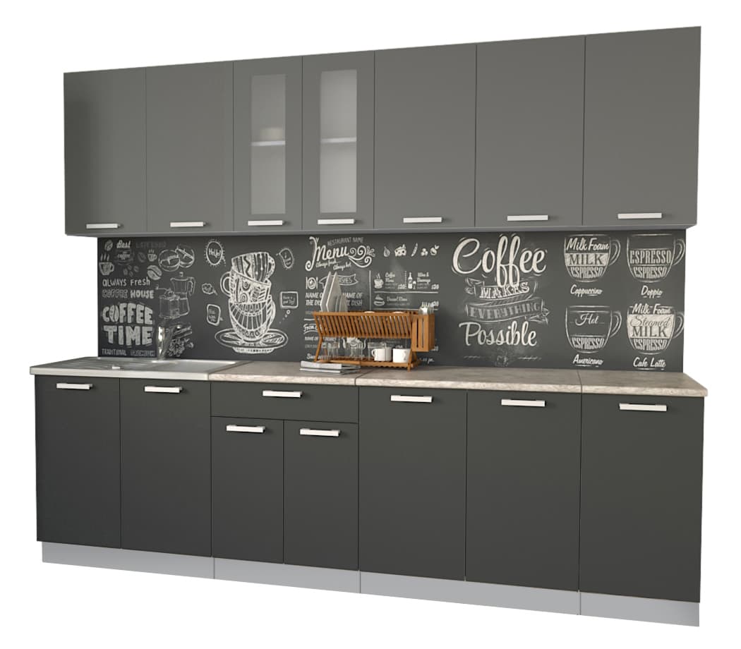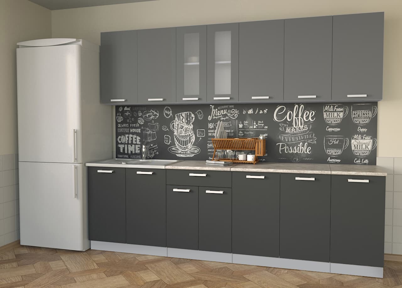 ГОТОВАЯ КУХНЯ МИЛА 2,6 (СЕРЕБРО/ АНТРАЦИТ)
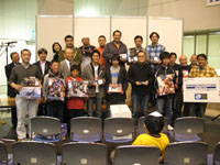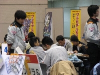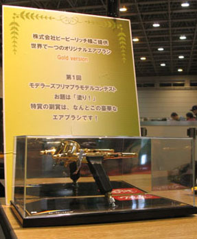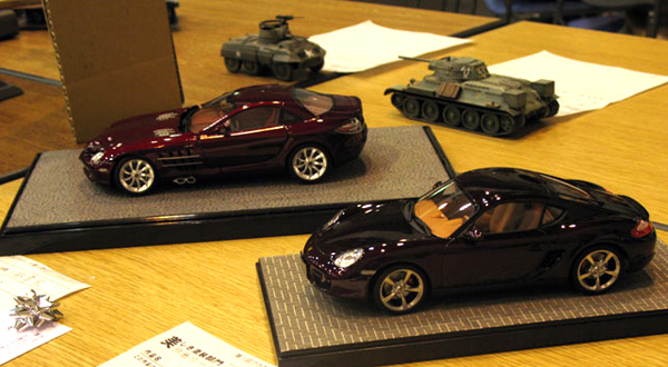 ちなみにネットで見つけたチラシの印刷屋さんに注文をしてみたのですが、自分でイラストレーターで原稿を作り、データ入稿して、両面フルカラーでいくらだったと思います?安くてびっくりしちゃいました。でもいくらだったかはヒミツ♪子どもにわかりやすいイラストを描いてくださった某有名モデラーの奥様にも感謝です。 最初に受け付けに来て下さった方は18歳の青年で、こちらも初めての段取りでどきどきしましたが、オープン後すぐに駆けつけて下さったことがとてもうれしかったです。 受付で模型少年が不安そうに作品を抱え、大人と事務手続きの話をして、一生懸命に作品カードを書く姿には、母性本能くすぐられっぱなしでした。子ども達は大人よりずっと当たり前に「賞をとりたい!」という素直な気持ちを言葉にしますし、自分より上手い子が現れるのではと、誰かのエントリーがあるたびにそわそわしているところなんか、本当に涙が出そうなぐらい可愛いのです。 大人の作品はさすが、大人。どうやったらこんなにきれいに塗れるの?と、唸ってしまうような作品ばかりでしたが、特賞の小林さんの作品はダントツで票を集めていました。審査委員長の金子先生からも奇跡的といわれたぐらい、美しかったです。タミヤニュースにもコンテストの報告をしてありますので、お楽しみに。 賞品も豪華でしたよ〜。タミヤ、バンダイさん、ハセガワさん、フジミさん、GSIクレオスさん、新撰組さん、塩川公明堂さん、ホビージャパンさん、アーマーモデリング&スケールアヴィエーションさん、モデルアートさん、そして、ゴールドの高級エアブラシを特別に作って下さったビービーリッチさん・・・多くの企業様のご協力も大きかったです。 あと、エントリーして下さった方々、受付作業をお手伝い頂いた方々、特別審査員を受けて下さった金子様、土居様、高石様、絶妙な司会をしてくださったあの方にも、この方にも・・・・・・とにかく私一人ではどうにもできないことを皆様のおかげで任務完了できたということを実感し、感謝の気持ちで一杯です。 一生懸命広報したわりに、やはり初回は様子見が多いのか・・・・出展作品数はそれほど多くありませんでした。土曜日はどうなることかと思いましたが、日曜日には朝からエントリーも続き、全部で66作品。でも、初回の集計作業としては、これで結構ぎりぎりの時間を使ってしまい、次回はもっと増えたときのために、方法を考えないとな、って思います。たとえば土曜日に投票までやってしまい、土曜の夜に飲みに行かずに集計をして、日曜日発表とか。数が増えたらそうしないととても対応できそうにないな、って思いました。 8「トラタヌ!」 昨日はコンテストに参加してくれた小学生の少年二人組の学校に、写真を届けてきました。田宮社長と一緒に撮った記念すべき写真ですから、ぜひ、と思って。喜んでくれるといいなぁ・・・・ 今回の反省点の筆頭は、「作品カードを回収しなかった」ということです。まさにどたばたしていて「うっかり」してしまったのでした。心を込めて書いてくれたコメントは全部ゆっくり読みたかったし、ずっと保管しておきたかったのに・・・ 事務手続きの際に住所欄を任意にしたため、連絡が付くかたばかりではなく、残念です。これをみていたら、ぜひ、返送して頂きたいです。よろしくお願い致します! それから、買ったプラモデルをすぐに作ることができる場所としてご用意したモデラーズサロンですが、最初はあまり使っている人がいなくて空いていたのに、2日目になるといつの間にか一杯になってました。やっぱり、だれかが座っていると座りやすいっていうのもあるでしょうけど、買ったら開けたい、これは正常な行動でしょうね〜。ひたすら手を動かすローガン梅本先生や、モデラーさんの相談に乗る土居先生、ずっと作り続けておられたモデラーさん、楽しそうに相談しながら作る模型少年たちを見ていたら、次回もぜひこういうコーナーを作りたいって思いました。
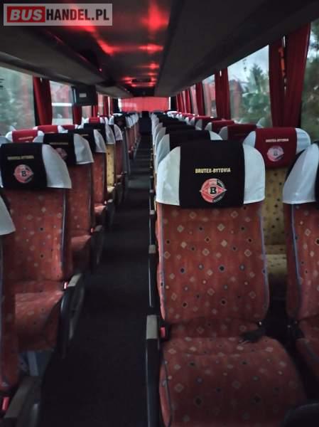 : WC, lodówka, caffebar, kabina sypialna, oświetlenie indywidualne, nawiewy dyszowe, ABS, ASR, tempomat, retarder, CD, stoliczki, mikrofon, klimatyzacja, radio, regulacja wysokości nadwozia, podwójne szyby boczne, wspomaganie kierownicy, elektryczne lusterka, fotele odchylane i rozsuwane, DVD, ogrzewanie stacjonarne, ESP
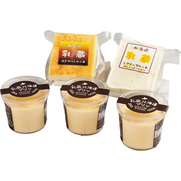 内容:北海道プリン100g×3、焼きプリンケーキ100g×1、レアチーズケーキ(オレンジピール入り)100g×1
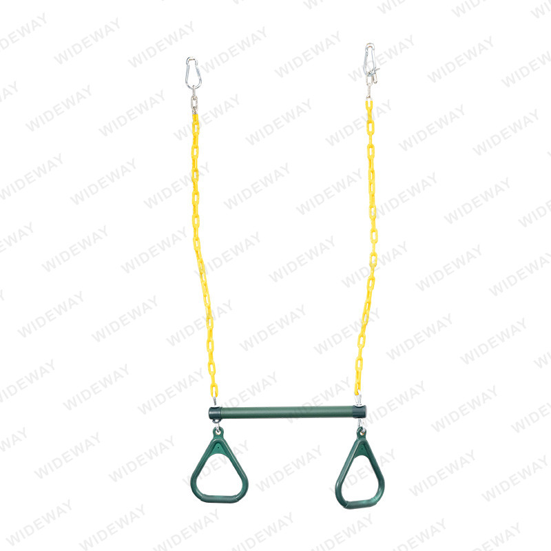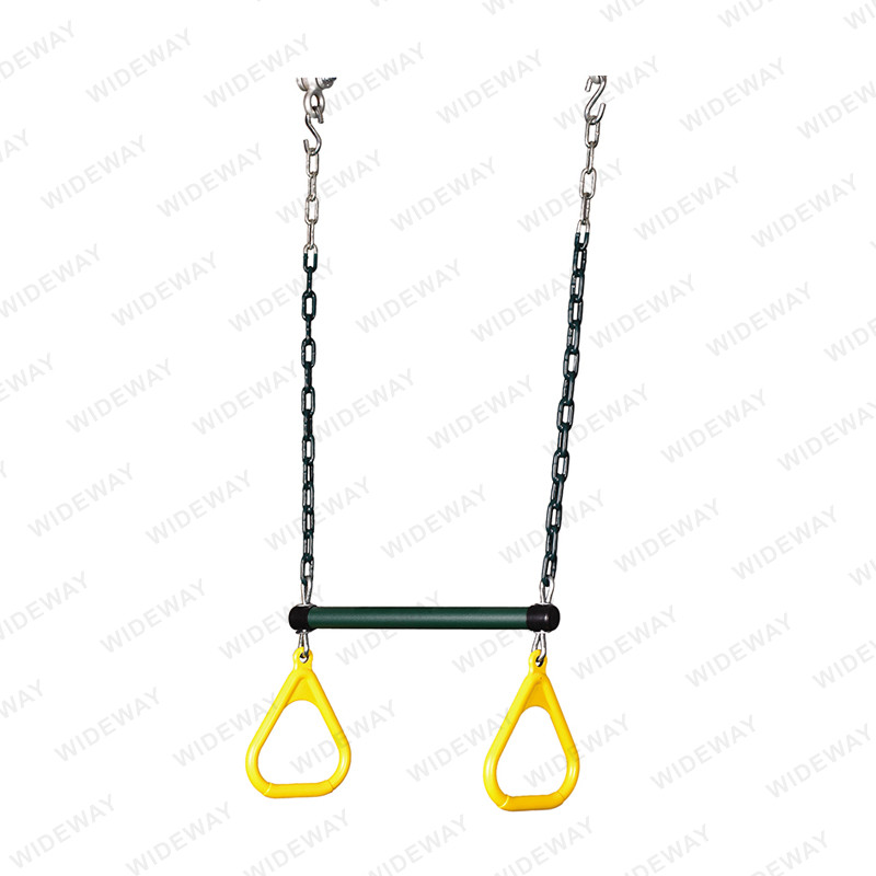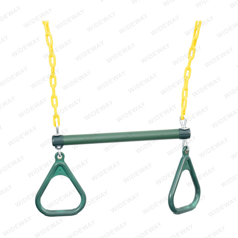 స్వింగ్ సెట్ కోసం ట్రాపెజ్ బార్ & రింగ్స్ అధిక-నాణ్యత మెటీరియల్తో తయారు చేయబడ్డాయి, ఇవి రోజువారీ ఉపయోగం యొక్క దుస్తులు మరియు కన్నీటిని తట్టుకోగలవు. బార్ గట్టి మెటల్తో తయారు చేయబడింది, అయితే రింగులు బలమైన మరియు మన్నికైన ప్లాస్టిక్తో తయారు చేయబడ్డాయి. ఉత్పత్తి కొనసాగేలా నిర్మించబడింది, ఇది సంవత్సరాలపాటు బహిరంగ వినోదం మరియు వ్యాయామాన్ని అందిస్తుంది.

------------------------------------------------------------------------

▸ **Work item**: Repeat every record above exactly, but drop the pictures.

▸ **Task response**:
 ГОТОВАЯ КУХНЯ МИЛА 2,6 (СЕРЕБРО/ АНТРАЦИТ)
 ちなみにネットで見つけたチラシの印刷屋さんに注文をしてみたのですが、自分でイラストレーターで原稿を作り、データ入稿して、両面フルカラーでいくらだったと思います?安くてびっくりしちゃいました。でもいくらだったかはヒミツ♪子どもにわかりやすいイラストを描いてくださった某有名モデラーの奥様にも感謝です。 最初に受け付けに来て下さった方は18歳の青年で、こちらも初めての段取りでどきどきしましたが、オープン後すぐに駆けつけて下さったことがとてもうれしかったです。 受付で模型少年が不安そうに作品を抱え、大人と事務手続きの話をして、一生懸命に作品カードを書く姿には、母性本能くすぐられっぱなしでした。子ども達は大人よりずっと当たり前に「賞をとりたい!」という素直な気持ちを言葉にしますし、自分より上手い子が現れるのではと、誰かのエントリーがあるたびにそわそわしているところなんか、本当に涙が出そうなぐらい可愛いのです。 大人の作品はさすが、大人。どうやったらこんなにきれいに塗れるの?と、唸ってしまうような作品ばかりでしたが、特賞の小林さんの作品はダントツで票を集めていました。審査委員長の金子先生からも奇跡的といわれたぐらい、美しかったです。タミヤニュースにもコンテストの報告をしてありますので、お楽しみに。 賞品も豪華でしたよ〜。タミヤ、バンダイさん、ハセガワさん、フジミさん、GSIクレオスさん、新撰組さん、塩川公明堂さん、ホビージャパンさん、アーマーモデリング&スケールアヴィエーションさん、モデルアートさん、そして、ゴールドの高級エアブラシを特別に作って下さったビービーリッチさん・・・多くの企業様のご協力も大きかったです。 あと、エントリーして下さった方々、受付作業をお手伝い頂いた方々、特別審査員を受けて下さった金子様、土居様、高石様、絶妙な司会をしてくださったあの方にも、この方にも・・・・・・とにかく私一人ではどうにもできないことを皆様のおかげで任務完了できたということを実感し、感謝の気持ちで一杯です。 一生懸命広報したわりに、やはり初回は様子見が多いのか・・・・出展作品数はそれほど多くありませんでした。土曜日はどうなることかと思いましたが、日曜日には朝からエントリーも続き、全部で66作品。でも、初回の集計作業としては、これで結構ぎりぎりの時間を使ってしまい、次回はもっと増えたときのために、方法を考えないとな、って思います。たとえば土曜日に投票までやってしまい、土曜の夜に飲みに行かずに集計をして、日曜日発表とか。数が増えたらそうしないととても対応できそうにないな、って思いました。 8「トラタヌ!」 昨日はコンテストに参加してくれた小学生の少年二人組の学校に、写真を届けてきました。田宮社長と一緒に撮った記念すべき写真ですから、ぜひ、と思って。喜んでくれるといいなぁ・・・・ 今回の反省点の筆頭は、「作品カードを回収しなかった」ということです。まさにどたばたしていて「うっかり」してしまったのでした。心を込めて書いてくれたコメントは全部ゆっくり読みたかったし、ずっと保管しておきたかったのに・・・ 事務手続きの際に住所欄を任意にしたため、連絡が付くかたばかりではなく、残念です。これをみていたら、ぜひ、返送して頂きたいです。よろしくお願い致します! それから、買ったプラモデルをすぐに作ることができる場所としてご用意したモデラーズサロンですが、最初はあまり使っている人がいなくて空いていたのに、2日目になるといつの間にか一杯になってました。やっぱり、だれかが座っていると座りやすいっていうのもあるでしょうけど、買ったら開けたい、これは正常な行動でしょうね〜。ひたすら手を動かすローガン梅本先生や、モデラーさんの相談に乗る土居先生、ずっと作り続けておられたモデラーさん、楽しそうに相談しながら作る模型少年たちを見ていたら、次回もぜひこういうコーナーを作りたいって思いました。
 : WC, lodówka, caffebar, kabina sypialna, oświetlenie indywidualne, nawiewy dyszowe, ABS, ASR, tempomat, retarder, CD, stoliczki, mikrofon, klimatyzacja, radio, regulacja wysokości nadwozia, podwójne szyby boczne, wspomaganie kierownicy, elektryczne lusterka, fotele odchylane i rozsuwane, DVD, ogrzewanie stacjonarne, ESP
 内容:北海道プリン100g×3、焼きプリンケーキ100g×1、レアチーズケーキ(オレンジピール入り)100g×1
 స్వింగ్ సెట్ కోసం ట్రాపెజ్ బార్ & రింగ్స్ అధిక-నాణ్యత మెటీరియల్తో తయారు చేయబడ్డాయి, ఇవి రోజువారీ ఉపయోగం యొక్క దుస్తులు మరియు కన్నీటిని తట్టుకోగలవు. బార్ గట్టి మెటల్తో తయారు చేయబడింది, అయితే రింగులు బలమైన మరియు మన్నికైన ప్లాస్టిక్తో తయారు చేయబడ్డాయి. ఉత్పత్తి కొనసాగేలా నిర్మించబడింది, ఇది సంవత్సరాలపాటు బహిరంగ వినోదం మరియు వ్యాయామాన్ని అందిస్తుంది.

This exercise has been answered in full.